Operating systems would need to support heterogeneous processors running programs with different ISAs accessing the same pools of memory. I'd LOVE to see that. It'd be extremely convenient to have first-class processes running on the GPU MIMD cores.

I'm not sure there is much research done in that space. I believe IBM mainframe OSs have something like that because programmers are exposed to the various hardware assists that run as coprocessors sharing the main memory with the OS and applications.

[als0]

> I'm not sure there is much research done in that space.

There is. And the finest example I can think of is Barrelfish https://barrelfish.org

[rbanffy]

Interesting - it resembles a network of heterogeneous systems that can share a memory space used primarily for explicit data exchange. Not quite what I was imagining, but probably much simpler to implement than a Unix where the kernel can see processes running on different ISAs on a shared memory space.

I guess hardware availability is an issue, as there aren't many computers with, say, an ARM, a RISC-V, an x86, and an AMD iGPU sharing a common memory pool.

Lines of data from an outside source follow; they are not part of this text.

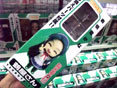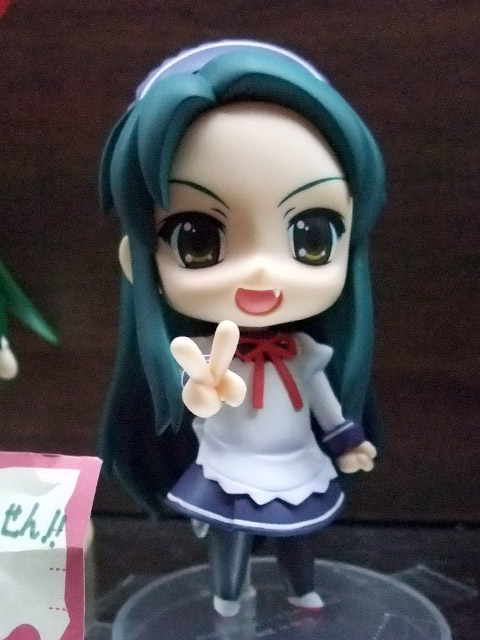 これは、以前ドリパ東京2007秋での展示もお伝えした、「涼宮ハルヒの憂鬱」のキャラ「鶴屋さん」を劇中のウェイトレス姿でねんどろいど化したもので、グッスマの商品説明によると『SOS団のねんどろいど化、4人目は名誉顧問「鶴屋さん」が文化祭時のウェイトレス姿で登場です。通常の表情の他に「朝比奈ミクルの冒険 Episode00」で演じていた「ユキの操り人形時の顔」と「爆笑顔」が付属。カチューシャは取り外し可能なので、他のハルヒシリーズと組み変えることで違った姿が楽しめたり・・・。おまけパーツとして操り人形時の腕と足、ピースした手首、トレイ&持ち手首が付属。シリーズで一緒に並べて、作中のワンシーンをゆる~く再現してみては?』と紹介されています。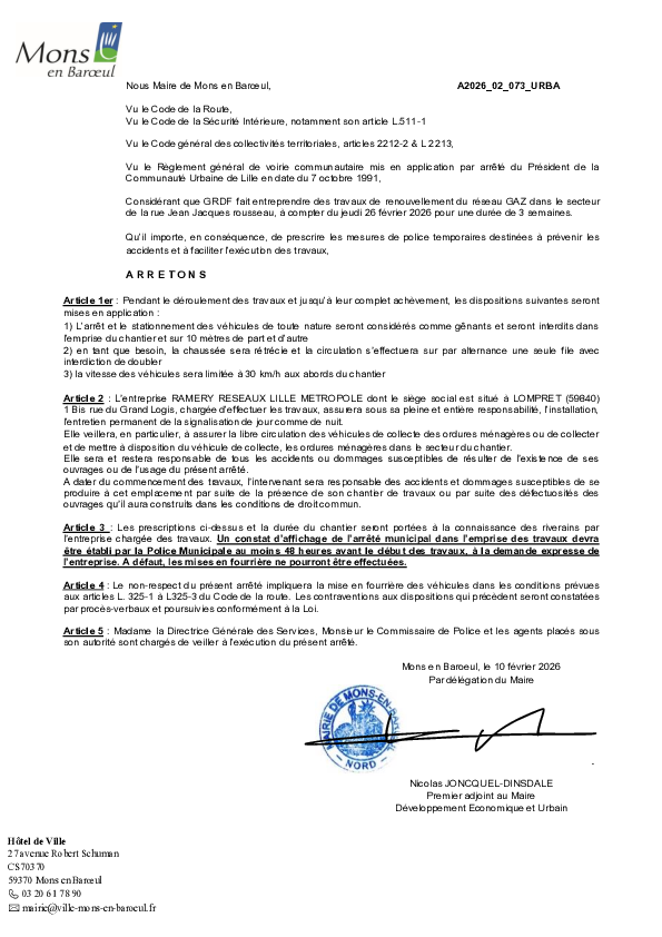 A2026-02-073 Restriction de stationnement rue Jean Jacques Rousseau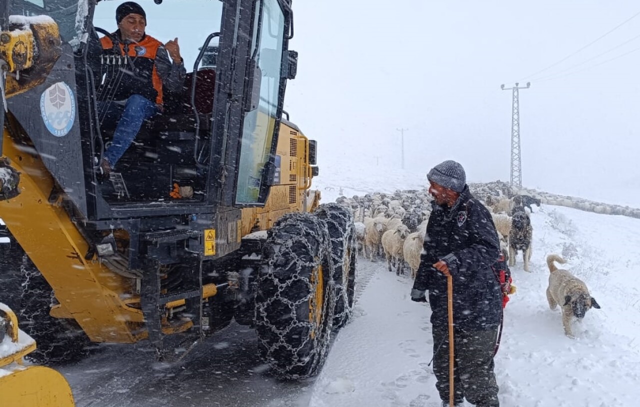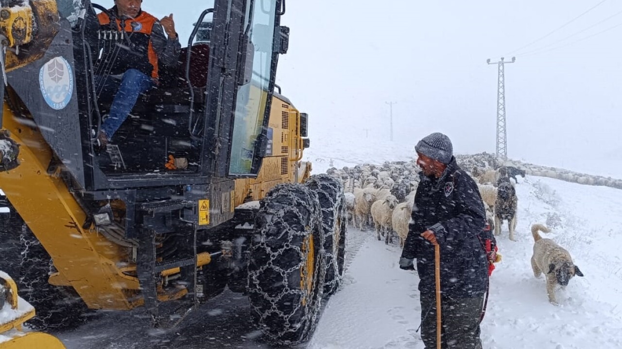 Ekiplerce kar küreme araçları ve iş makineleriyle yollar açılarak, Akbulut ve koyunları kurtarıldı.

OTOH, there are many where a 32-bit ARM shares the memory pool with 64-bit cores. Usually the big cores run applications while the small ARM does housekeeping or other low-latency task.

[als0]

> Not quite what I was imagining, but probably much simpler to implement than a Unix where the kernel can see processes running on different ISAs on a shared memory space.

Indeed. The other argument is that treating the computer as a distributed system can make it scale better to say hundreds of cores compared to a lock-based SMP system.

[rbanffy]

> treating the computer as a distributed system

Sure, but where's the fun in that?

Up to GPGPUs, there was no reason to build a machine with multiple CPUs of different architectures except running different OSs on them (such as the Macs, Suns and Unisys mainframes with x86 boards for running Windows side-by-side with a more civilized OS). With GPGPUs you have machines with a set of processors that are good on many things, but not great at SIMD and one that's awesome at SIMD, but sucks for most other things.

And, as I mentioned before, there are lots of ARM machines with 64-bit and ultra-low-power 32-bit cores sharing the same memory map. Also, even x86 variants with different ISA extensions can be treated as different architectures by the OS - Intel had to limit the fast cores of its early asymmetric parts because the low-power cores couldn't do AVX512 and OSs would not support migrating a process to the right core on an invalid instruction fault.

[saagarjha]

The problem is that GPUs are kind of bad at being general-purpose, so it doesn't really make sense to expose the hardware that way.

[rbanffy]

If the OS supports it, you can make programs that start threads on CPUs and GPUs and let those communicate. You run the SIMD-ish functions on the GPUs and the non-SIMD-heavy functions on the CPU cores.

I have a strong suspicion GPUs aren't as bad at general-purpose stuff as we perceive and we underutilize them because it's inconvenient to shuttle data over an architectural wall that's not really there in iGPUs.

Maybe it doesn't make sense, but it'd be worth looking into just to know where the borders of the problem lie.

[saagarjha]

Nah, they're pretty bad. They don't speculate or prefetch nearly as well as CPUs, and most code kind of relies on that to be fast. If you are programming for a GPU and you want to go fast you generally have to work quite hard for it.